Batwing Mastopexy and Aesthetic Outcomes for Patients With Breast Cancer

By: Anna Fanelli
Posted: Tuesday, November 8, 2022

According to a study in the journal Plastic and Reconstructive Surgery, many patients with breast cancer who have large, ptotic breasts have been essentially excluded from nipple-sparing mastectomies in the past. With a surgical technique called a batwing mastopexy, performed at the time of immediate breast reconstruction, more of these patients may benefit from nipple-sparing mastectomies in the future.

“Our findings show that a simultaneous batwing mastopexy can be safely performed at the time of immediate breast reconstruction, while providing comparable complication rates and improving the aesthetic outcome,” reported Hahns Y. Kim, MD, of Loma Linda University Medical Center, California, in a Wolters Kluwer press release.

Using retrospective chart review, Dr. Kim and colleagues identified patients who underwent immediate implant-based breast reconstruction from 2015 through 2020 at a single institution. The patients were divided into two cohorts: batwing mastopexy and standard reconstruction (no mastopexy). A total of 324 breast operations in 188 patients were included (80 concurrent batwing and 244 standard implant–based reconstructions). Patient characteristics were similar between the groups, except those in the batwing group had greater ptosis, and more patients in the standard group underwent adjuvant chemotherapy.

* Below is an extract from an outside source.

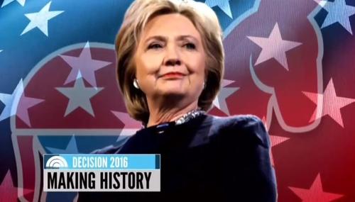 On Tuesday, all three network morning shows celebrated the news that Hillary Clinton had won enough delegates to become the presumptive Democratic nominee. At the top of NBC’s Today, co-host Savannah Guthrie heralded: “Making history. NBC News declares Hillary Clinton the presumptive nominee. The first woman in history to be nominated on a major party ticket.”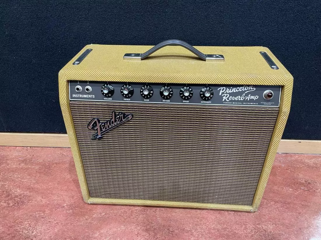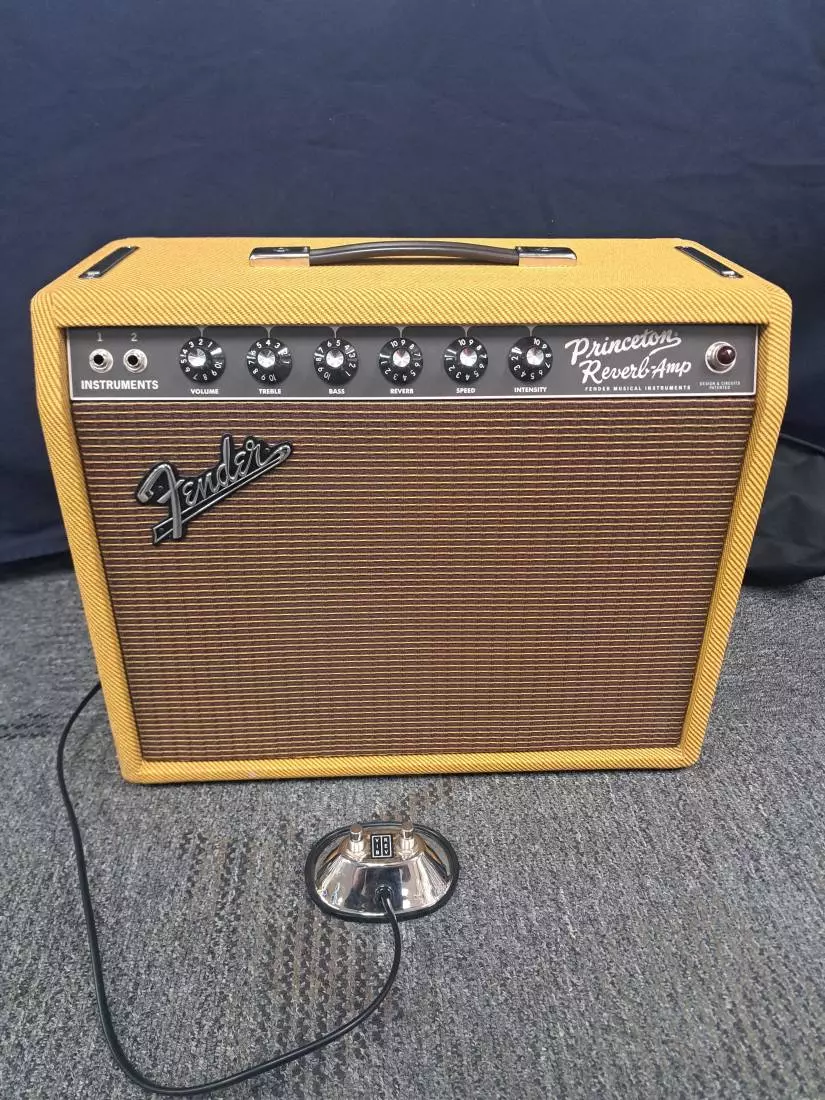 A Long & McQuade exclusive, this Fender FSR special run 65 Princeton has tweed covering and special Eminence 12" Cannabis Rex speaker. All tube 12W, single channel with reverb and tremolo.

At an average of 16 months after mastectomy and immediate reconstruction, the two groups of women had similar outcomes. At least one complication occurred in 23.8% of operated breasts in the batwing mastopexy group and 27.5 % of the standard reconstruction group. Some minor complications, including hematoma and seroma, were less frequent with batwing mastopexy. In addition, the more serious complication of necrosis of the skin or nipple was less frequent with batwing mastopexy than with standard reconstruction (6.3% vs. 11.5%). Finally, the rate of revision surgery was lower with batwing mastopexy than without (23.7% vs. 30.3%).

Disclosure: The study authors reported no conflicts of interest.